The Olgas

In the post on Mt. Conner, I mentioned that there are three giants in the Red Centre. However, the third of this group shattered and has weathered into a cluster of domes, rather than offering the monolithic profile of the first two. These are the Olgas, named by explorer Ernest Giles for Queen Olga of Württemberg. To the local Aborigines, they are Kata Tjuta, or “many heads.”

Though broken and worn, the Olgas are still impressive. Mt. Olga, the central and tallest rock in the group, is actually taller than Ayers Rock, rising 1,500 feet above the surrounding plain. The cluster of towering rock domes covers an area of 11 square miles.

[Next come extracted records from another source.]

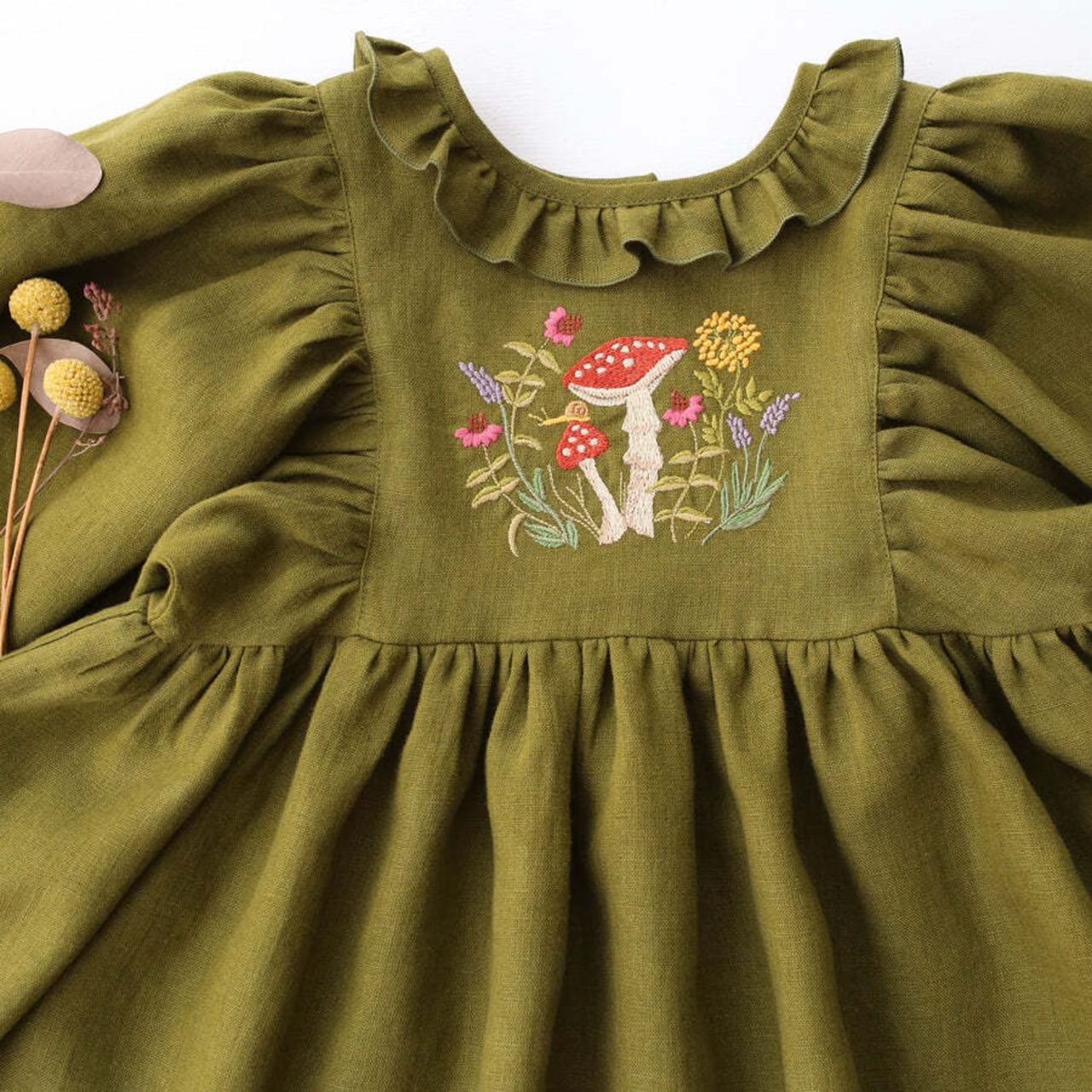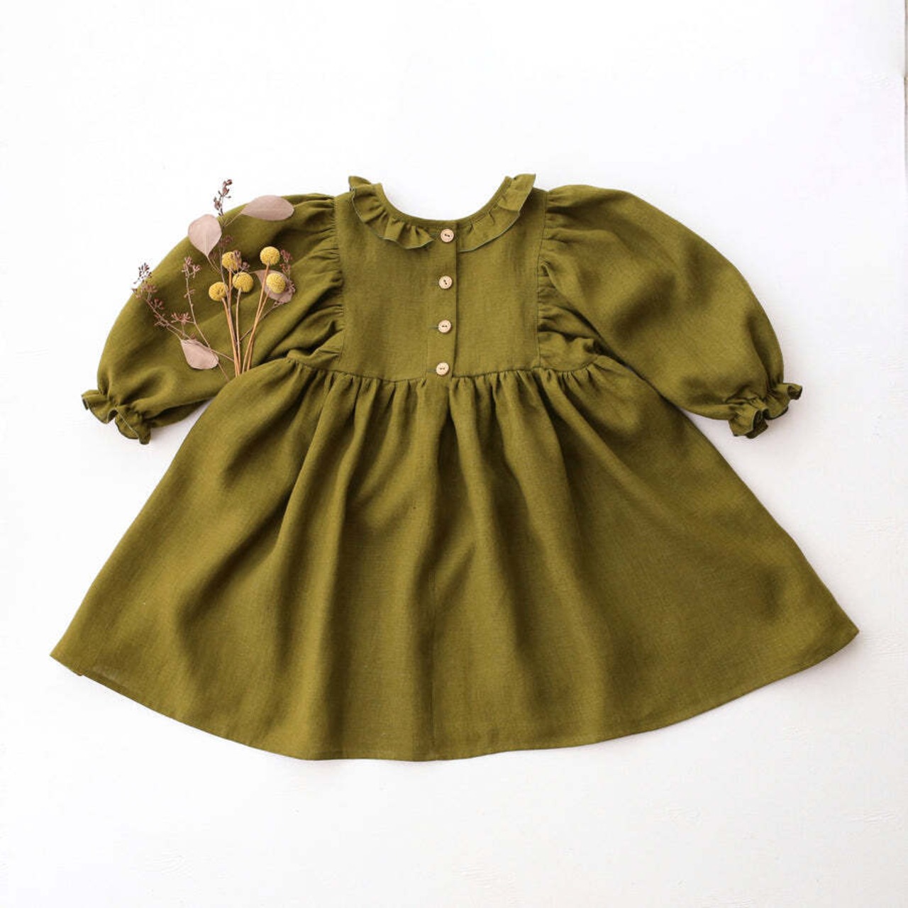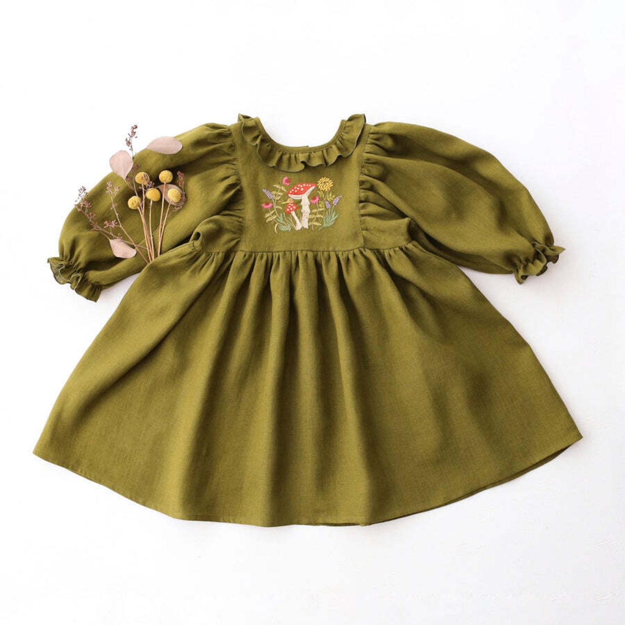 フリル襟とふんわりパフスリーブが可愛らしいワンピース。
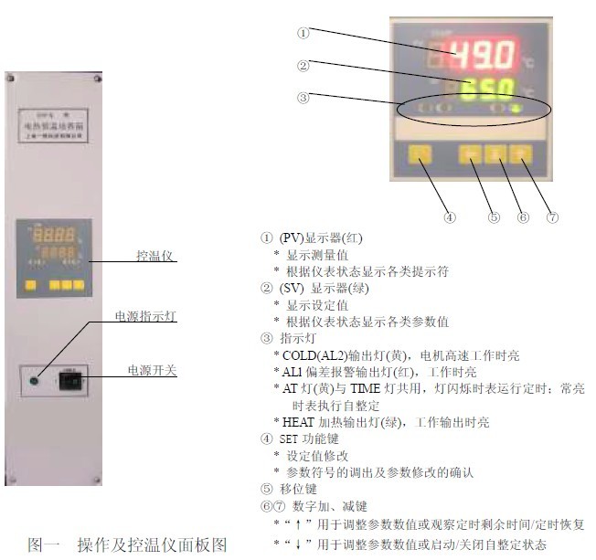2.1 产品操作面板及控温仪面板布置(见图一);
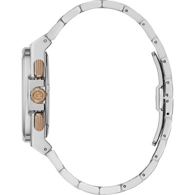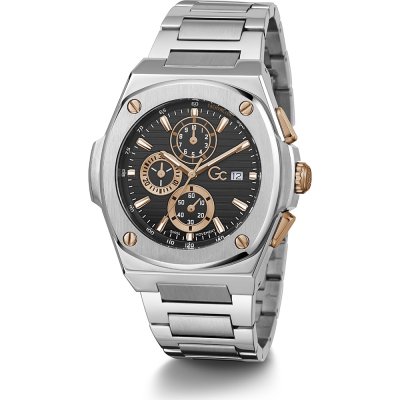 Diese GC Uhr hat ein Edelstahl Gehäuse mit einem Durchmesser von 44 mm und ist mit einem Armband aus Edelstahl versehen. In der Uhr arbeitet ein Ronda Uhrwerk. Das Glas der Uhr besteht aus Saphirbeschichtetes Mineralglas - Glas.
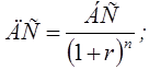 Множитель 1/(1+r)n или 1/(1+r)-n , с помощью которого уравнивается настоящая и будущая стоимость денег, представляет собой т.н. коэффициент дисконтирования. Для его расчета опубликованы специальные дисконтные таблицы, в которых показаны значения коэффициентов дисконтирования в зависимости от временных интервалов и значений нормы (процента) дисконта.
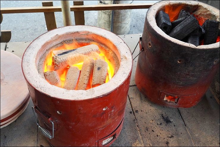 店門口正在燒跟烤肉用的碳火,用碳烤出來的烤肉才有迷人的碳香味。
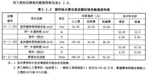 按照背景资料案例二中的相关数据和图2.I.1、2.I.2中所示要求,根据《通用安装工程工程量计算规范》GB 50856-2013、《建设工程工程量清单计价规范》GB50500-2013和《通用安装工程消耗量定额》TY 02-31-2015的规定,编制室内dn32 PP-R塑料给水管道分部分项工程量清单的综合单价,已知dn32 PP-R塑料给水管道的管子工程量为25m;并填入答题卡表3.I.1“综合单价分析表”中。(计算结果保留两位小数)![]()
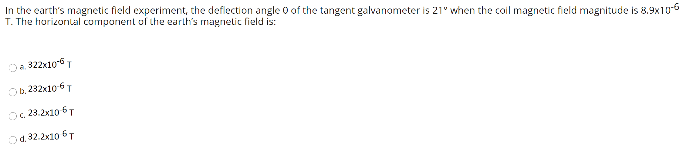 Solved In the earth's field experiment, the
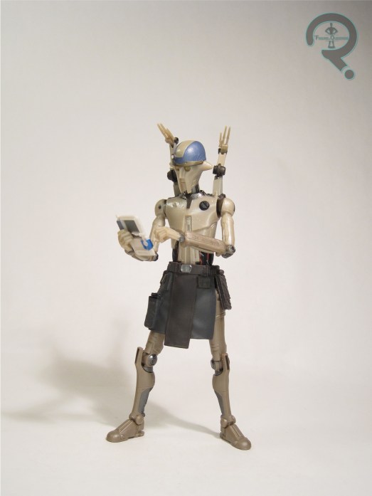 on molded plastic, and I’m typically not a huge fan of that when it comes to metallic finishes. In Huyang’s case, I find it doesn’t bug me as much. In the show, he’s not really got the same metallic look as other droids, and this plastic’s also not the swirly kind, so it just works out better. There’s still a fair bit of paint, which is cleanly applied, and hits most of the marks it needs to. The only spot that really feels as though it’s missing application is the tool belt, which is untouched, except for the buckle. Huyang is packed with his pack with the extra arms, a data pad, and a…tool? I don’t know what it is, and even the Hasbro photographers have him holding it quizzically in the stock shots, so it appears even they don’t know for sure. Hey, it’s better that nothing, right?
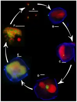 Lebenszyklus von Amoebophrya spp. (grün) und ihrem Wirt Alexandrium fundyense (Pyrocystaceae, blau/rot).FISH-Aufnahmen von Stadien im Lebenszyklus von Alexandrium fundyense (blau/rot) und Amoebophrya spp. (grün)
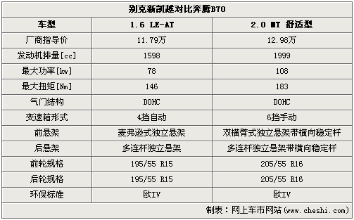 別克取消了新凱越的1.8L版車型,1.6L發(fā)動(dòng)機(jī)足以對(duì)應(yīng)您日常的車輛使用需求;搭載2.0升發(fā)動(dòng)機(jī)的奔騰B70在動(dòng)力方面表現(xiàn)比較出色,配合追求駕駛樂(lè)趣的6檔位手動(dòng)變速箱,操控的運(yùn)動(dòng)感覺(jué)非常好。新凱越后懸架采用多連桿獨(dú)立式,給予車輛較為溫柔的支撐力,擁有很好舒適度;奔騰B70采用帶有橫向穩(wěn)定桿多連桿獨(dú)立后懸架,對(duì)車身提供了更加堅(jiān)強(qiáng)的支撐,過(guò)彎側(cè)傾比抑制效果好。

I had been to the Olgas on my previous visit to the Red Centre, so I did not join our group for the standard hike into Olga Gorge. Instead, I wandered off on my own, to be alone with my thoughts and the land I had come to love, and to think about what had happened to me, now that my six-months was drawing to a close. It was immensely quiet once I was away from the group, with nothing but the breeze and the rustling of the fragrant brush around me to break the silence. However, I was not so introspective that I failed to examine everything. My camera being one of the ways I try to attach myself to a place, I also took a fair number of “parting shots,” including the one below.

The Olgas/Kata Tjuta



Filed under Australia, Book, Geography, History, Nature, Photography, Travel

2 responses to “The Olgas

  1. I loved the Olgas – less iconic than Uluru, but just as incredible, especially if you get to see them from the air.